Lab : Classification with MLlib
===================================

### Introduction

This lab explores a well known dataset from the Czech dating website libimseti.cz.  We'll just call it the "dating" dataset. :)

Normally we talk of users and items as different entities, but in dating websites we relate users to one another.

In our example, we're going to ignore the gender and orientation of each user in doing the recommendations.   The dating dataset does include a file which identifies the gender of each participant, but for simplicity we're not handling it here. This isn't as bad as it sounds, as most users likely will rate only one gender of dating site participants, and will no doubt receive recommendations from the same gender. Naturally there are always exceptions.

The checked in version is a tiny subset of the actual, as only the first 9999 users are included.  Furthermore, the ratings outside the subset are ignored, so a good portion of users have no data.

In [None]:
# initialize Spark Session
import os
import sys
top_dir = os.path.abspath(os.path.join(os.getcwd(), "../../"))
if top_dir not in sys.path:
    sys.path.append(top_dir)

from init_spark import init_spark
spark = init_spark()
sc = spark.sparkContext

In [None]:
from pyspark.mllib.recommendation import *

### Step 1 : Inspect Data
* Sample Data : [/data/dating/sample.txt](/data/dating/sample.txt)
* Rating data file : [/data/dating/medium/ratings.dat](/data/dating/medium/ratings.dat)

(browsers may not display the data properly, open the data in text editor)

### Step 2 : Create Rating Object for the Data

In [None]:
data = sc.textFile("../data/dating/medium/ratings.dat") 

For the dating website 
* Users = Users
* Products = Other users
* Rating = Rating given by one user to anothr user

In [None]:
splitted_data = data.map(lambda x : x.split(","))
#  Rating represents a (user, product, rating) tuple.
ratings = splitted_data.map(lambda x : Rating(x[0],x[1],x[2]))
# ratings.collect()

In [None]:
model = ALS.train(ratings, rank = 10, iterations = 5, lambda_= 0.01)

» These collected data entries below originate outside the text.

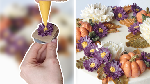 Осенние сиреневые цветы из крема - астра новоанглийская, астра сентябринка из белково-масляного крема | Кремовая флористика
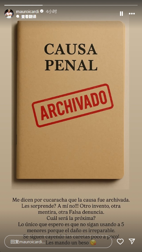 报道称,在旺达与前夫马克西-洛佩斯代表其某个儿子提出指控后,帕切科总检察院已裁决终止对伊卡尔迪涉嫌轻微伤害案的调查。
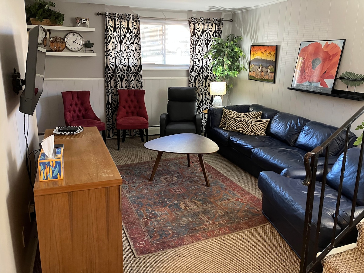 Two bedroom upper level suite. Nice location in the old west side area. Approx 20+ min walk (approx 1.2 miles) to central Main St area downtown, campus is further. Two bedrooms w/queen sized beds. Updated bathroom. Living room, TV w/cable. Dining space, kitchenette with full fridge, small appliances, supplies (no stove-oven, not a full kitchen). Vintage character and updated. Private entrance, keypad access. WIFI. Parking. Duplex type, host lives in lower level. Read listing & rules.
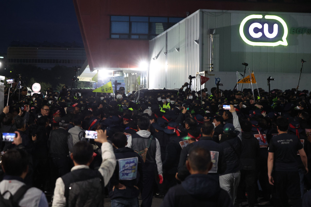 °æ³² ÁøÁÖ CU ¹°·ù¼¾ÅÍ Àαٿ¡¼ ¹ß»ýÇÑ Á¶ÇÕ¿ø »ç¸Á »ç°í¸¦ °è±â·Î ±ØÇÑ ´ëÄ¡·Î Ä¡´Ý´ø ¹ÎÁÖ³ëÃÑ °ø°ø¿î¼ö³ëÁ¶ ȹ°¿¬´ë¿Í BGF·ÎÁö½º °£ °¥µîÀÌ ´ëÈ ±¹¸éÀ¸·Î ÀüȯµÉÁö ÁÖ¸ñµÈ´Ù.
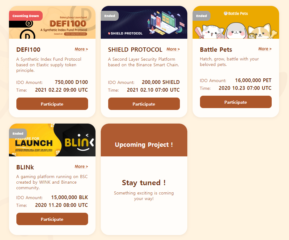 베이커리스왑에서는 BLK, PET, SHIELD까지 총 3회의 IDO를 진행한 바 있으며 오늘 진행되는 DEFI100 토큰세일이 4번째 IDO에 해당합니다. 이전 IDO들이 팬케이크스왑에서의 IFO에 비해서는 흥행 성적이 저조한 편이지만 그럼에도 불구하고 실패했다고 할 수는 없는 것 같습니다.
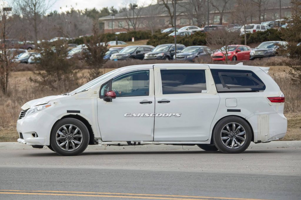 As you can see, some of the body panels have been stretched to accommodate the larger footprint of the fourth-generation Sienna. That’s because the new model will use a stretched version of Toyota’s New Global Architecture (TNGA).
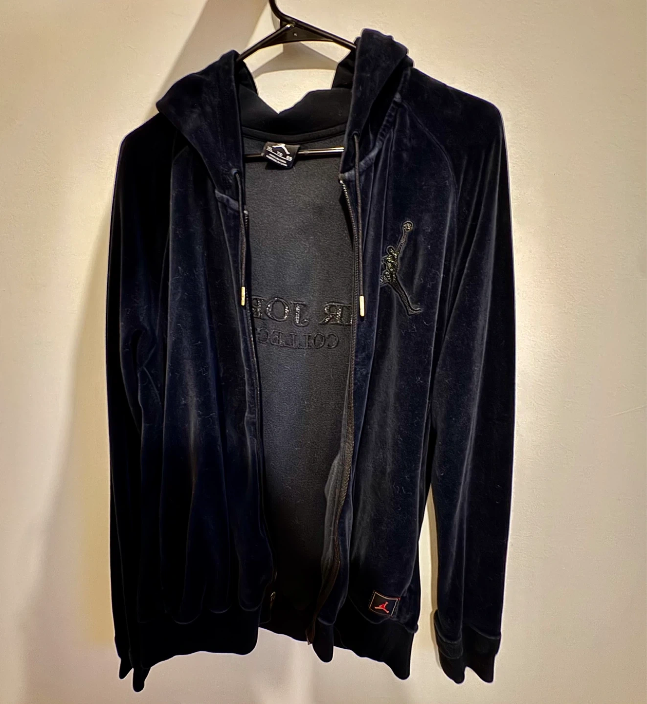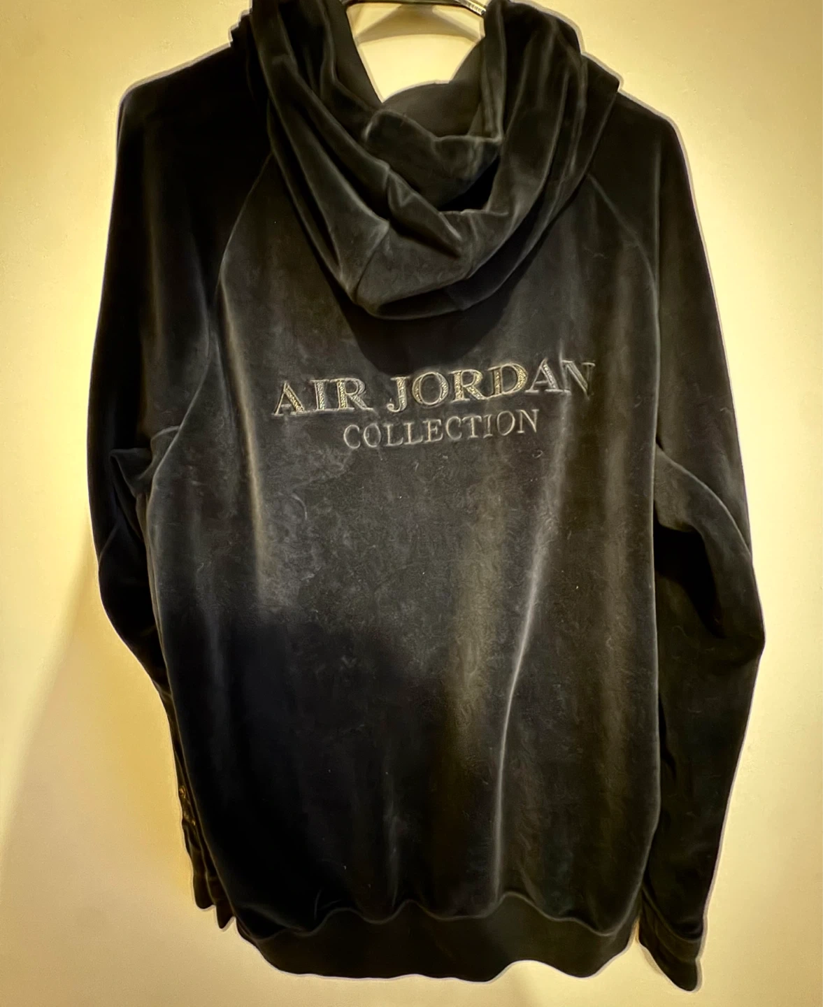A uthentic Nike Air Jordan x OVO (October’s Very Own) black velour track jacket, size XL.

### Step 3: Transform the Rating object to a tuple of User, Product

In [None]:
# Get rid of rating to test model's effectiveness
# TODO: TRANSFORM Rating -> Tuple of (user, product)
# (i.e., get rid of the rating)
userItems = ???

### Step 4: Use the predictAll method to map the output to User, Product

In [None]:
# Do a test prediction
# TODO call model.predictAll() on userItems, and then map the output of that 
# to (user, product), rating
predict = ???
recs = predict.map(???)

In [None]:
ratingsAndRecs = ratings.map(lambda x: ((int(x[0]), int(x[1])), int(x[2]))).join(recs)
mse = ratingsAndRecs.map(lambda x: (x[1][0] - x[1][1]) * (x[1][0] - x[1][1])).mean()
print (mse)

### Step 5 : Find recommendations for Users based on ratings

In [None]:
# recommendProductsForUsers will give recommendations for all users in an arrray
# Number of recommendations needed should be provided as arguments
recsForEachUser = model.recommendProductsForUsers(4)
recsForEachUser.collect()

In [None]:
# recommendProducts will give recommendations for the particular user
# parameters : (User, NumberOfRecommemdationsNeeded
recsForEachUser = model.recommendProducts(892, 4)
print (recsForEachUser)

# Beware: some numbers aren't represented (e.g. 3)

### Step 6: Running on some of your own data

Create a file called personalratings.txt.  Include some test data as preferences.
We have included a file /data/dating/sample.txt for you.
you can refer to it.
    

In [3]:
#### Sample Output:
# model.recommendProducts(4, 2)
# [Rating(user=4, product=7, rating=7.997956670993958), Rating(user=4, product=6, rating=5.9996782303607565), Rating(user=4, product=5, rating=4.757658554726618)]